$3.3M Awarded to ENG Researchers under NIH BRAIN Initiative

Cheng and Han will study the mechanism of ultrasound neurostimulation

By Liz Sheeley

Primary neurons activated by optoacoustic wave. Image provided by Professor Ji-Xin Cheng

Professor Ji-Xin Cheng (ECE, BME, MSE) and Associate Professor Xue Han (BME) have been awarded a 5-year $3.3M grant from the National Institutes of Health (NIH) under the Brain Research through Advancing Innovative Neurotechnologies (BRAIN) Initiative. The Initiative is a collaboration between government agencies, private foundations, and research institutes and universities.

“This award is a great example of the highly collaborative research environment at BU,” says Cheng, who was an addition to the faculty in 2017. “Here, I am able to collaborate with bright scientists like Xue, who I am extremely grateful for as she brought me into the BRAIN Initiative. Collaborations like this one have helped me quickly build up a new research direction.”

Their research proposal has three specific aims, but overall plans to deliver a systematic understanding of the effects of a non-invasive brain stimulation technique, ultrasound neuromodulation. By developing a deep knowledge of how this technique works, the researchers will build a new foundation for the design of ultrasound neuro-stimulators for basic neuroscience research as well as treatment of neurological disorders.

Han first started exploring this research through a 2015 Defense Advanced Research Projects Agency Young Faculty Award, which provided her funding to examine the biophysical mechanisms of ultrasound neuromodulation.

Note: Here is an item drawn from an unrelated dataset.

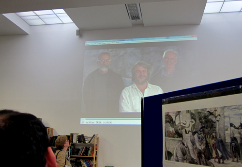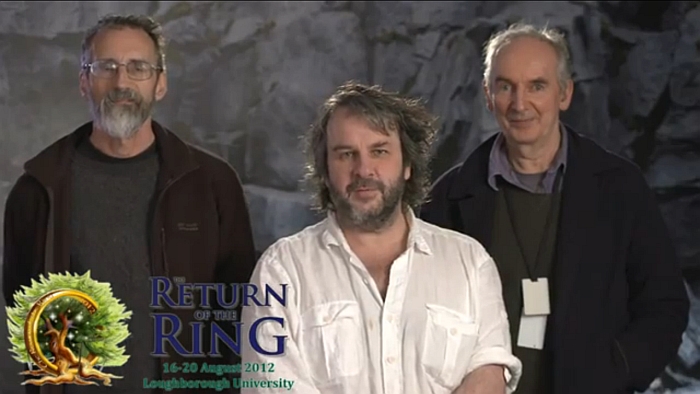 messaggio video di Peter Jackson, John Howe e Alan Lee, proiettato su un muro e accolto con entusiasmo (vedi sotto).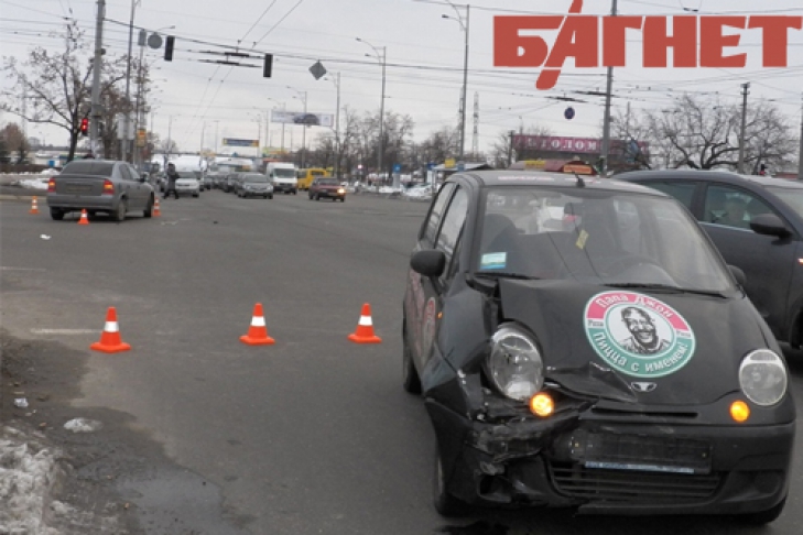 В воскресенье, 17 февраля, в Киеве, на перекрестке улиц Закревского и Драйзера автомобиль Daewoo Matiz протаранил Opel.

“We are very excited to continue this research effort using the novel opto-acoustic technique developed by Ji-Xin,” says Han.

Cheng’s expertise in imaging and opto-acoustic technology and Han’s expertise in neuroengineering and neuroscience are complementary. Combining these areas of research will allow them to study ultrasound effects with high precision in space and time at single cell and sub-cellular levels. Understanding ultrasound at a cellular level has wide-ranging implications as it’s been shown to be able to stimulate peripheral nerves, the spinal cord and important circuits in the brain such as the cortex that relays sensory messages to the body and the auditory complex.

To achieve these goals, the team plans to use novel technologies to stimulate an area less than one millimeter wide and record the effects. They will be able to finely tune the ultrasound frequency in the experiment, and then record how neurons react and then communicate with each other and they will also be able to see how individual neurons behave. This detailed map will let them see how a neuron closer or further away from the ultrasound stimulation behaves and what kind of communication signals are sent off in response.